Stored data
<<<<

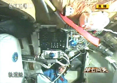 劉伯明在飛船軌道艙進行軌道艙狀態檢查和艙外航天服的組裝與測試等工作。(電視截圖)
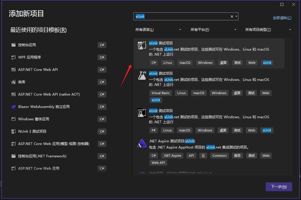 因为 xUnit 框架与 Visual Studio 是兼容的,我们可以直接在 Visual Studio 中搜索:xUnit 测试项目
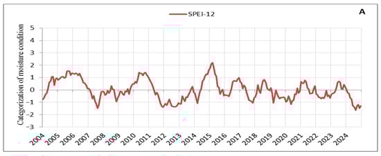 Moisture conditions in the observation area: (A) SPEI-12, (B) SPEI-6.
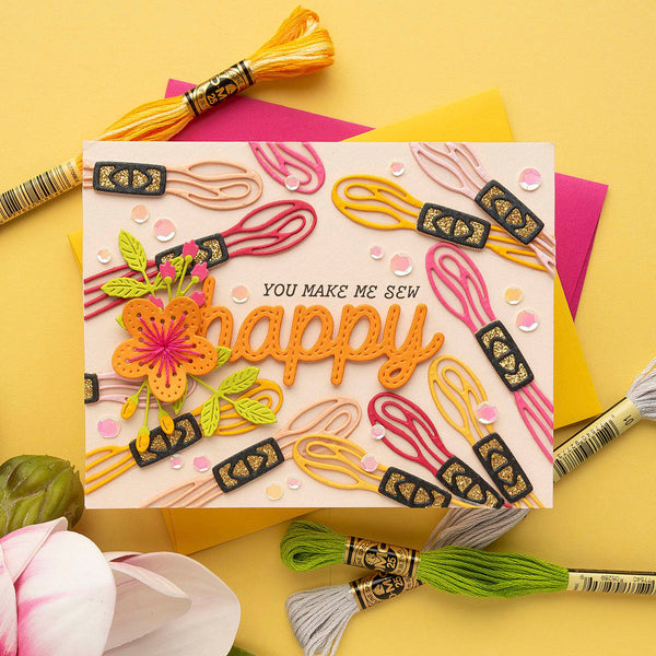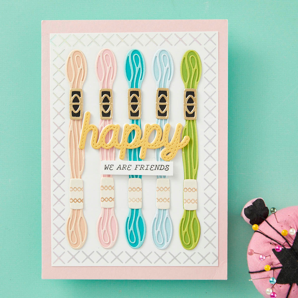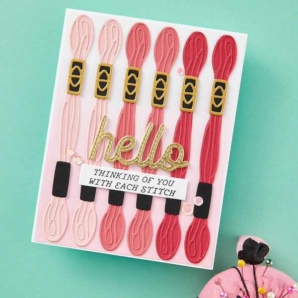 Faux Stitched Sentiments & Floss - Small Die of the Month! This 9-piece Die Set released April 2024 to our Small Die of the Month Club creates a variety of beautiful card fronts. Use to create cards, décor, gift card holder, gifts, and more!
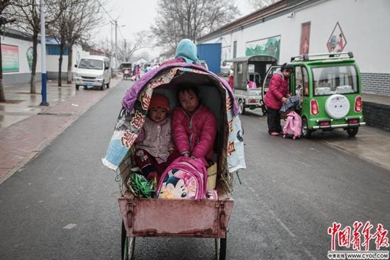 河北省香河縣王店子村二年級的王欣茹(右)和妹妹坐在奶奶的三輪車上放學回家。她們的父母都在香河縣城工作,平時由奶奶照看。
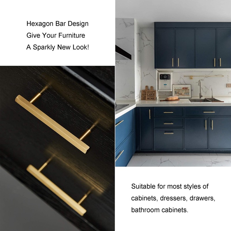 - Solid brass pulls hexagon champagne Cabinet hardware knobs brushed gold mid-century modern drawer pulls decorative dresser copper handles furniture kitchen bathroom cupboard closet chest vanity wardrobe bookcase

>>>>

:: WORK ORDER ::
I need the lines from the one containing "河北省香河縣王店子村二年級的" through the end of the records retyped exactly, with the pictures left out.

:: ANSWER ::
 河北省香河縣王店子村二年級的王欣茹(右)和妹妹坐在奶奶的三輪車上放學回家。她們的父母都在香河縣城工作,平時由奶奶照看。
 - Solid brass pulls hexagon champagne Cabinet hardware knobs brushed gold mid-century modern drawer pulls decorative dresser copper handles furniture kitchen bathroom cupboard closet chest vanity wardrobe bookcase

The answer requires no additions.